- **Your task**
The first line of the entries and each line after it, through the one that contains "鋼制繞片螺旋翅片管是采用直繞", are to be duplicated exactly; no picture belongs in the copy.

The data section start

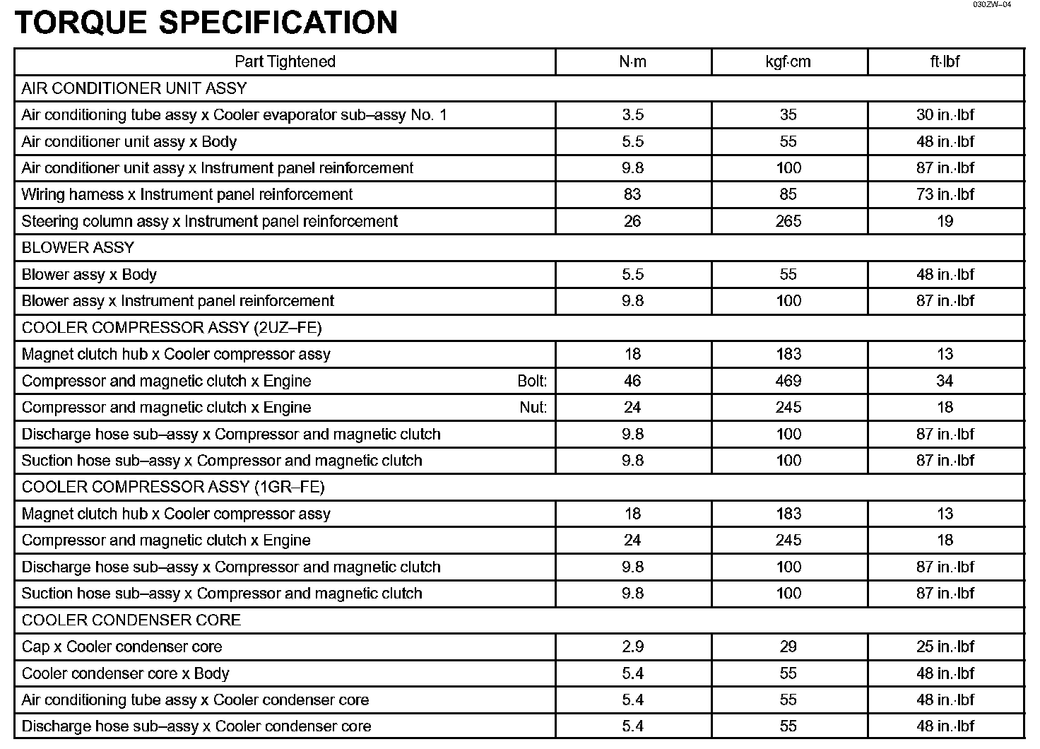 Heater And Air Conditioning - Torque Specification:
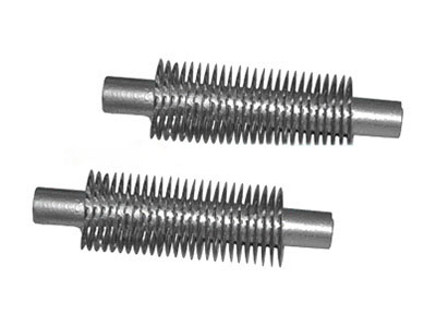 鋼制繞片螺旋翅片管是采用直繞式加工工藝,即在一根優(yōu)質(zhì)無縫鋼管上,通過專用繞片機,把優(yōu)質(zhì)鋼帶靠機械力緊密、均勻地纏繞在基管外表面,兩端進行點焊固定;然后將鋼制繞片翅片管整體進行熱鍍鋅處理。
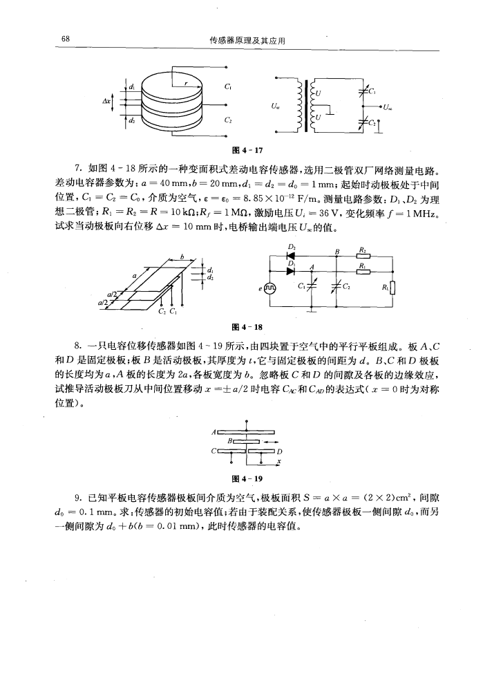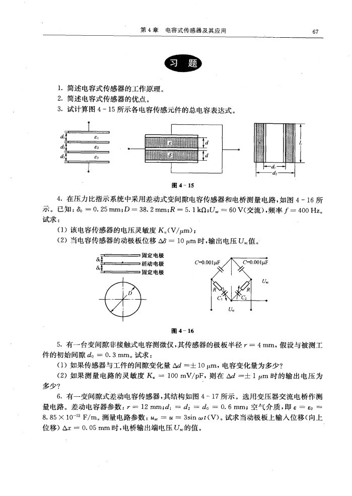 | 文摘: 图4-14是电容式差压传感器结构示意图。这种传感器结构简单、灵敏度 高、响应速度快(约100ms)、能测微小压差(0〜0.75 Pa)。它是由两个 玻璃圆盘和一个金厲(不锈钢)膜片组成。两玻璃圆盘上的凹面深约25 mm,其上镀金属以作为电容式 传感器的两个固定极板,而夹在两凹圆 盘中的膜片则为传感器的可动电极,则形成传感器的两个差动电容C1、 C2。当两边压力p1、p2相等时。膜片处在中间位置与左、右固定电容间距 相等,因此两个电容相等…… |
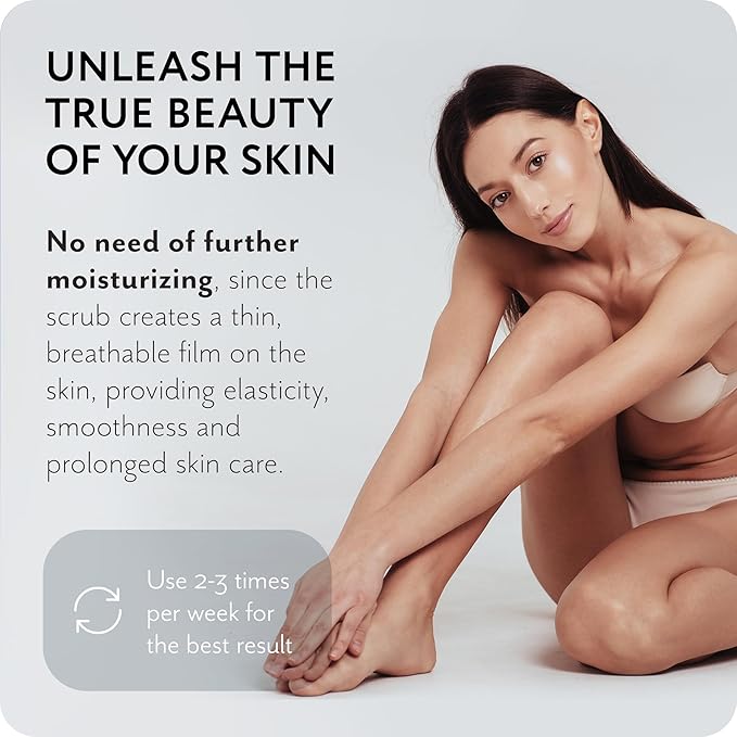 - ๐ฅฅ Powerful Plant-Based Oil Complex: Body scrubs for women contains valuable oils like coconut, sweet almond, avocado, and shea butter. Coconut oil nourishes the skin, retains moisture, and accelerates cell regeneration. Sweet almond oil deeply moisturizes and restores the lipid barrier. Avocado oil reduces inflammation, while shea butter enhances skin firmness and elasticity, slowing down the aging process.
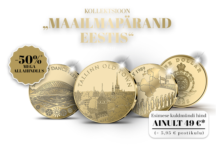 Jah, tellin kollektsiooni „Maailmapärand Eestis” esimese münt „Tallinna vanalinn” erihinnaga 49 €. Lisaks kuuluvad tasumisele saatmiskulud 5,95 €. Selle münt tellimisega saab minust kollektsiooni koguja ja olen nõus, et mulle saadetakse iga kuu üks kollektsiooni kuuluv münt, mille hind on 99 €. Lisaks kuuluvad tasumisele saatmiskulud 5,95 €.

The data section end

- **Exercise result**
 Heater And Air Conditioning - Torque Specification:
 鋼制繞片螺旋翅片管是采用直繞式加工工藝,即在一根優(yōu)質(zhì)無縫鋼管上,通過專用繞片機,把優(yōu)質(zhì)鋼帶靠機械力緊密、均勻地纏繞在基管外表面,兩端進行點焊固定;然后將鋼制繞片翅片管整體進行熱鍍鋅處理。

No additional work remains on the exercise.